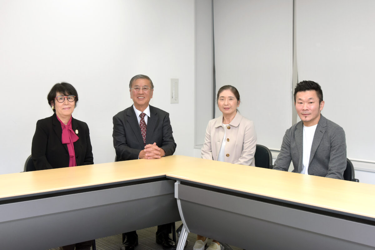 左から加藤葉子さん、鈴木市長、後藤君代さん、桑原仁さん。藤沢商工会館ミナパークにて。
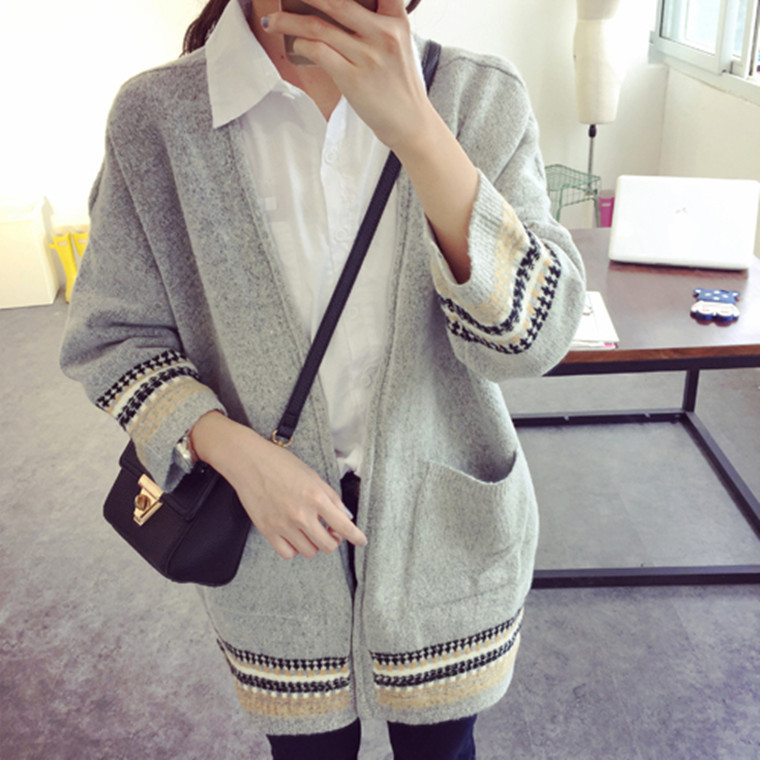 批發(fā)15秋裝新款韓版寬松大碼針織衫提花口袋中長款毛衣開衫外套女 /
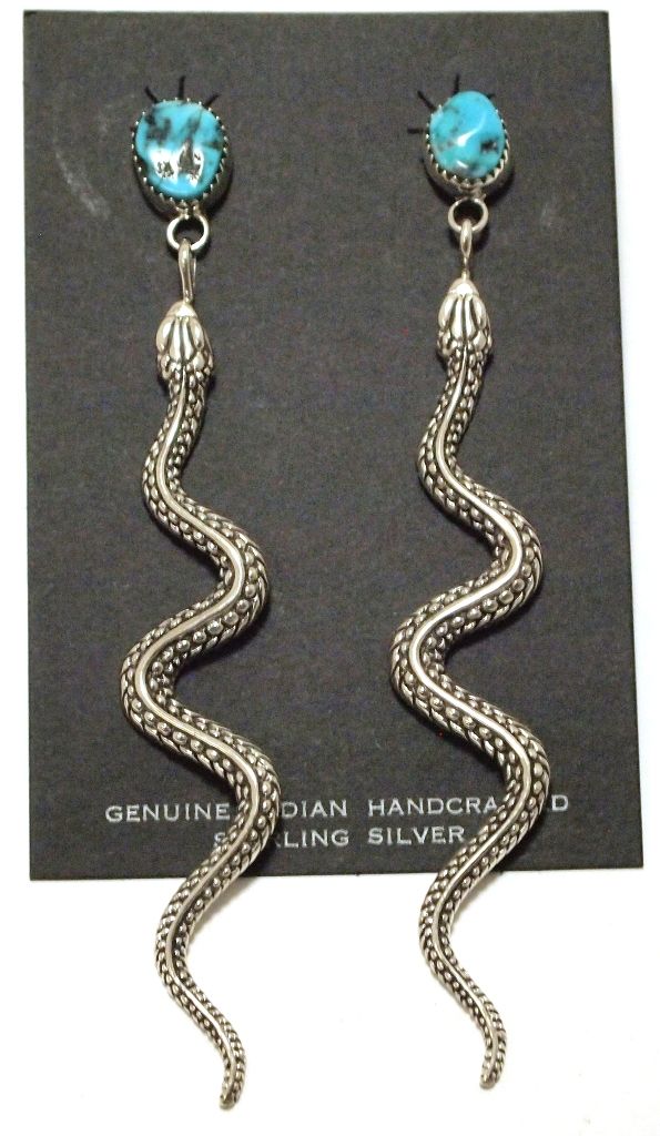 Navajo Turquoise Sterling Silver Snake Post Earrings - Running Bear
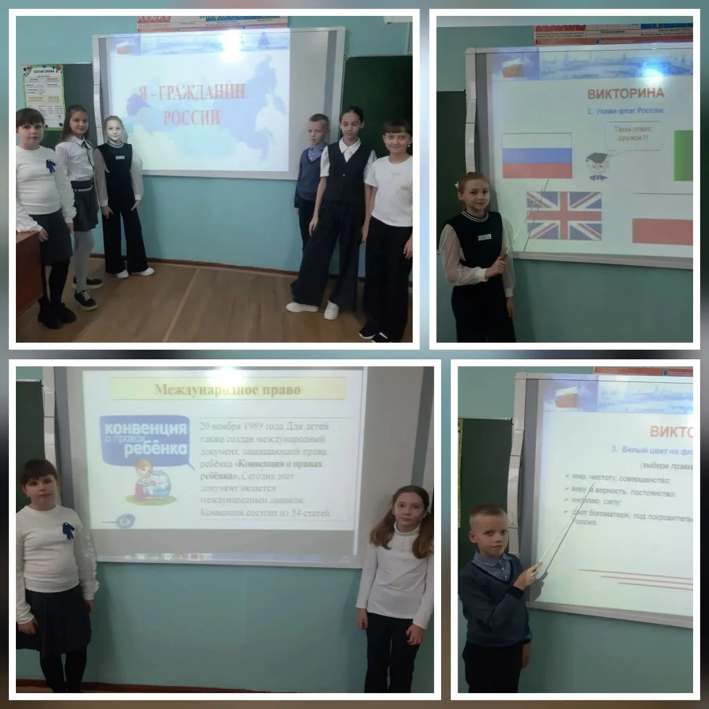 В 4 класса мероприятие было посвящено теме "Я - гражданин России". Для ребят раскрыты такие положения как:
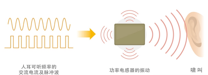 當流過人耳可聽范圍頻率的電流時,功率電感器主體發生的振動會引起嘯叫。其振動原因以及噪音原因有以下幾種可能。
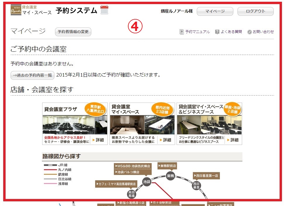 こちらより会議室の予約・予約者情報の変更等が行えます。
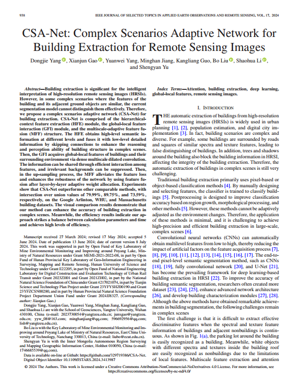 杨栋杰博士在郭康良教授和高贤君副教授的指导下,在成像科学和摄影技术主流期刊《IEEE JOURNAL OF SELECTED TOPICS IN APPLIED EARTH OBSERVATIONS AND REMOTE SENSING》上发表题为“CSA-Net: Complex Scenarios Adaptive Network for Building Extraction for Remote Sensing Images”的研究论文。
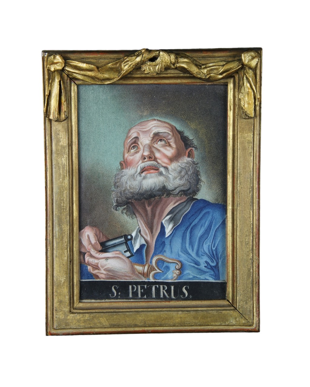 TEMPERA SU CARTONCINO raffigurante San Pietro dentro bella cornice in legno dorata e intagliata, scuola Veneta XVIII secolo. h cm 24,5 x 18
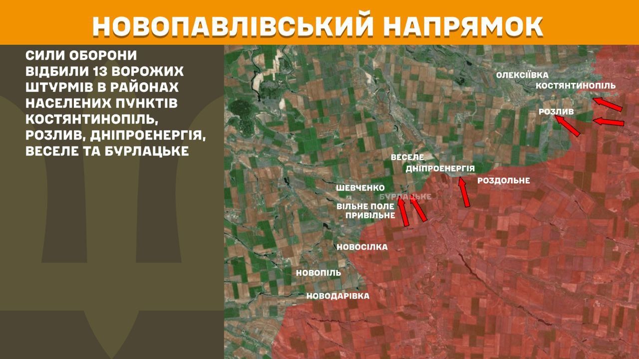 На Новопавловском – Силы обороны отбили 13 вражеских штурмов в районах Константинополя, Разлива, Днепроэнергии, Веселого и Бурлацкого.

————

Action item | Nothing but the lines from the one with "當流過人耳可聽范圍頻率的電流" up to and including the one with "杨栋杰博士在郭康良教授和高贤君副教授的指导下,在成像科学和摄影技术主流期刊《IEEE JOURNAL OF" should be printed, exactly as they read above. Please keep the pictures out.

Output |
 當流過人耳可聽范圍頻率的電流時,功率電感器主體發生的振動會引起嘯叫。其振動原因以及噪音原因有以下幾種可能。
 こちらより会議室の予約・予約者情報の変更等が行えます。
 杨栋杰博士在郭康良教授和高贤君副教授的指导下,在成像科学和摄影技术主流期刊《IEEE JOURNAL OF SELECTED TOPICS IN APPLIED EARTH OBSERVATIONS AND REMOTE SENSING》上发表题为“CSA-Net: Complex Scenarios Adaptive Network for Building Extraction for Remote Sensing Images”的研究论文。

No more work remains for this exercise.